TASK PROMPT: Your answer must be the full listing below, repeated exactly, with no pictures in it.

GIVEN MATERIAL:
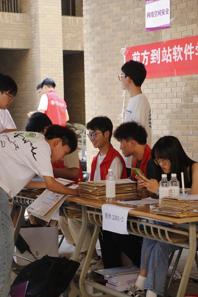 报到完成后,新生们随着志愿者的指引来到宿舍区,在那里,提前集结完毕的学生志愿者们早已等候多时,随时准备着为新生们提供帮助。新生的行李太多,他们会贴心地帮忙搬运行李到宿舍;新生初来乍到认不清路,他们会热情地指清方向,让新同学们感受到来自软件大家庭的温暖。
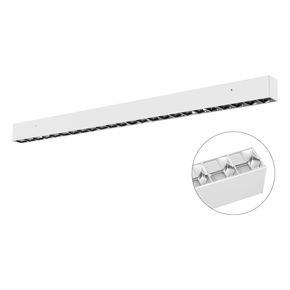 Die LED-Anbauleuchte kann aufgrund der hohen Lichtausbeute problemlos als Hauptbeleuchtung für zahlreiche Räume eingesetzt werden. An beiden Seiten befindet sich rückseitig je eine Kabeleinführung, somit ist ein Durchverdrahten beim Einsatz mehrerer Leuchten problemlos möglich. Die maximal mögliche Anzahl an Leuchten, welche mittels Durchverdrahtung über eine Einspeisung angeschlossen werden können, ist abhängig von dem verwendeten Leiterquerschnitt. Bei Verwendung einer Anschlussleitung mit 5x 1,5mm² können maximal 16 Leuchten durchverdrahtet werden. Die Leuchte kann direkt an der Decke befestigt werden. Mit dem separat erhältlichen Zubehör (Wandbefestigung, Seilabhängung, Baldachin) kann die Leuchte wahlweise auch an der Wand befestigt oder als Pendelleuchte montiert werden. Ebenso sind optional auch Leuchtenverbinder erhältlich. Der Blendwert beträgt UGR kleiner 19. Protokoll: DT6, DALI2. Die Leuchte kann optional auch über Push-L gedimmt werden.
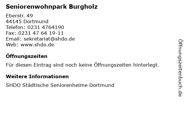 | Öffnungszeiten Seniorenwohnpark Burgholz in Dortmund anzeigen | |
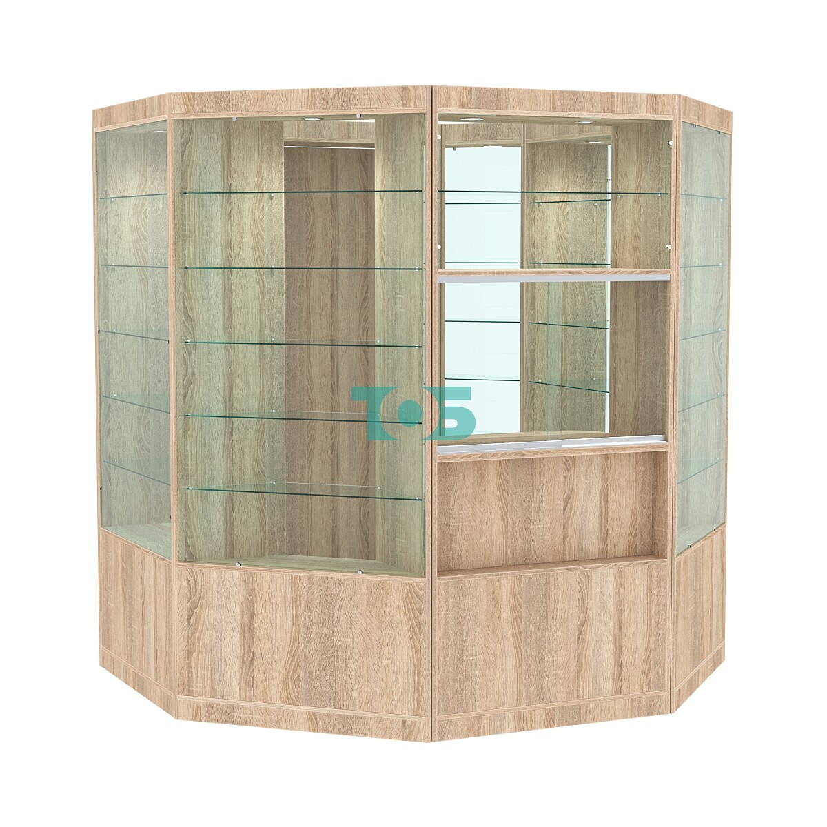 Полки: в павильоне предусмотрено по пять стеклянных полок с каждой стороны, что обеспечивает достаточно места для размещения товаров.

SOLUTION BELOW:
 报到完成后,新生们随着志愿者的指引来到宿舍区,在那里,提前集结完毕的学生志愿者们早已等候多时,随时准备着为新生们提供帮助。新生的行李太多,他们会贴心地帮忙搬运行李到宿舍;新生初来乍到认不清路,他们会热情地指清方向,让新同学们感受到来自软件大家庭的温暖。
 Die LED-Anbauleuchte kann aufgrund der hohen Lichtausbeute problemlos als Hauptbeleuchtung für zahlreiche Räume eingesetzt werden. An beiden Seiten befindet sich rückseitig je eine Kabeleinführung, somit ist ein Durchverdrahten beim Einsatz mehrerer Leuchten problemlos möglich. Die maximal mögliche Anzahl an Leuchten, welche mittels Durchverdrahtung über eine Einspeisung angeschlossen werden können, ist abhängig von dem verwendeten Leiterquerschnitt. Bei Verwendung einer Anschlussleitung mit 5x 1,5mm² können maximal 16 Leuchten durchverdrahtet werden. Die Leuchte kann direkt an der Decke befestigt werden. Mit dem separat erhältlichen Zubehör (Wandbefestigung, Seilabhängung, Baldachin) kann die Leuchte wahlweise auch an der Wand befestigt oder als Pendelleuchte montiert werden. Ebenso sind optional auch Leuchtenverbinder erhältlich. Der Blendwert beträgt UGR kleiner 19. Protokoll: DT6, DALI2. Die Leuchte kann optional auch über Push-L gedimmt werden.
 | Öffnungszeiten Seniorenwohnpark Burgholz in Dortmund anzeigen | |
 Полки: в павильоне предусмотрено по пять стеклянных полок с каждой стороны, что обеспечивает достаточно места для размещения товаров.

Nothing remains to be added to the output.